Use the property that the scalar product of two vectors that are orthogonal must be zero. We call the vector that we are looking for \(\left|{\phi_{1}^{'}}\right\rangle = \alpha\left|{+}\right\rangle + \beta\left|{-}\right\rangle \). So we want to take the braket of \(\left|{\psi_{1}^{'}}\right\rangle \) and \(\left|{\phi_{1}^{'}}\right\rangle \) Since we are trying to find \(\alpha\) and \(\beta\), it is easier to make \(\left|{\phi_{1}^{'}}\right\rangle \) be the bra so that we do not need to complex conjugate the coefficients that we are trying to determine. \begin{align*} \left\langle {\psi_1 }\middle|{ {\phi}_{1}^{'} }\right\rangle =& \Big( \frac{1}{\sqrt{3}} \left\langle {+}\right| + (-i) \frac{\sqrt{2}}{\sqrt{3}} \left\langle {-}\right| \Big) \Big( \alpha\left|{+}\right\rangle + \beta\left|{-}\right\rangle \Big)\\ =& \frac{\alpha}{\sqrt{3}} - \beta \frac{i\sqrt{2}}{\sqrt{3}}\\ = 0 \end{align*}
Then we can choose \(\alpha = \beta \,i\sqrt{2}\), and \(\alpha = i\sqrt{2}, \ \beta=1\) (for example). There are an infinite number of other choices that we can make that differ from this one by an overall scale. This is because the vector we are finding is orthogonal, but not necessarily normalized. Also, multiplication by an overall phase will not affect the orthogonality. Find the norm of our choice of vector, \begin{align*} \left\langle {\phi_{1}^{'}}\middle|{\phi_{1}^{'}}\right\rangle =& \left(\!\!\begin{array}{cc} -i\sqrt{2} & 1 \end{array}\!\!\right) \left(\!\!\begin{array}{c} i\sqrt{2} \\ 1 \end{array}\!\!\right)\\ =& (-i\sqrt{2}) \, i\sqrt{2} + 1 = 3, \sqrt{\left\langle {\phi_{1}^{'}}\middle|{\phi_{1}^{'}}\right\rangle }\\ =& \sqrt{3}. \end{align*}
The column--vector representation for \(\phi_1^{'}\) is in the \(\big\{\left|{+}\right\rangle ,\left|{-}\right\rangle \big\}\) basis.

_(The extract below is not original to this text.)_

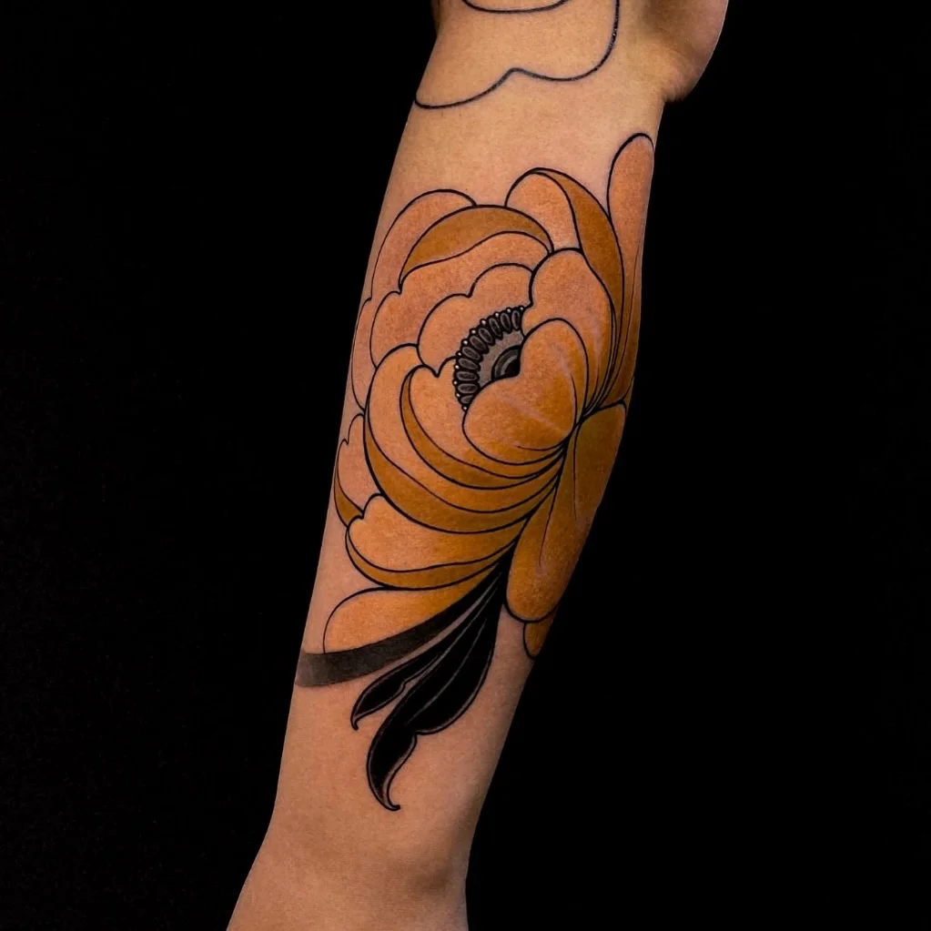 This striking tattoo features a large orange peony on the forearm, its vibrant petals unfolding in a layered bloom. The deep black shading in the center contrasts with the warm tones, creating a powerful and eye-catching design.

Normalized, \begin{align*} \left|{\phi_1}\right\rangle =& \frac{1}{\sqrt{3}} \Big( i\sqrt{2} \left|{+}\right\rangle + \left|{-}\right\rangle \Big),\mathrm{or} \\ \left|{\phi_1}\right\rangle \stackrel{\cdot}{=}& \frac{1}{\sqrt{3}} \left(\!\!\begin{array}{c} i \sqrt{2} \\ 1 \end{array}\!\!\right), \ \mathrm{in the} \ \Big\{ \left|{+}\right\rangle ,\left|{-}\right\rangle \Big\} \ \mathrm{basis}. \end{align*}
In this case, let us do the problem in the matrix notation also, for comparison. \begin{align*} \left\langle {\phi_{1}^{'}}\middle|{\psi_1}\right\rangle =& \left(\!\!\begin{array}{cc} 1/\sqrt{3} & -i\sqrt{2}/\sqrt{3} \end{array}\!\!\right) \left(\!\!\begin{array}{c} \alpha \\ \beta \end{array}\!\!\right)\\ =& \frac{\alpha}{\sqrt{3}} - \beta \frac{i\sqrt{2}}{\sqrt{3}} = 0 \\ \Rightarrow& \ \alpha = \beta \, i \sqrt{2}. \end{align*}
For the other two states the calculation goes the same way. \begin{align*} \left\langle {\psi_2 }\middle|{ {\phi}_{2}^{'} }\right\rangle =& \Big( \frac{1}{\sqrt{5}} \left\langle {+}\right| - \frac{2}{\sqrt{5}} \left\langle {-}\right| \Big) \Big( \alpha\left|{+}\right\rangle + \beta\left|{-}\right\rangle \Big) \\ =& \frac{\alpha}{\sqrt{5}} - \frac{2 \beta }{\sqrt{3}} \\ =& 0 \end{align*}
So \(\alpha = 2\beta\), and \(\alpha = 2, \beta=1\) satisfy the condition of orthogonality, thus \(\left|{\phi_{2}^{'}}\right\rangle = 2\left|{+}\right\rangle + \left|{-}\right\rangle \). Normalized, \begin{align*} \left\langle {\phi_{2}^{'}}\middle|{\phi_{2}^{'}}\right\rangle =& 5, \mathrm{and} \\ \left|{\phi_2}\right\rangle =& \frac{1}{\sqrt{5}} \Big( 2 \left|{+}\right\rangle + \left|{-}\right\rangle \Big) \ = \ \frac{1}{\sqrt{5}} \left(\!\!\begin{array}{c} 2 \\ 1 \end{array}\!\!\right) \end{align*}
Remember that the matrix notation denotes a representation in some basis.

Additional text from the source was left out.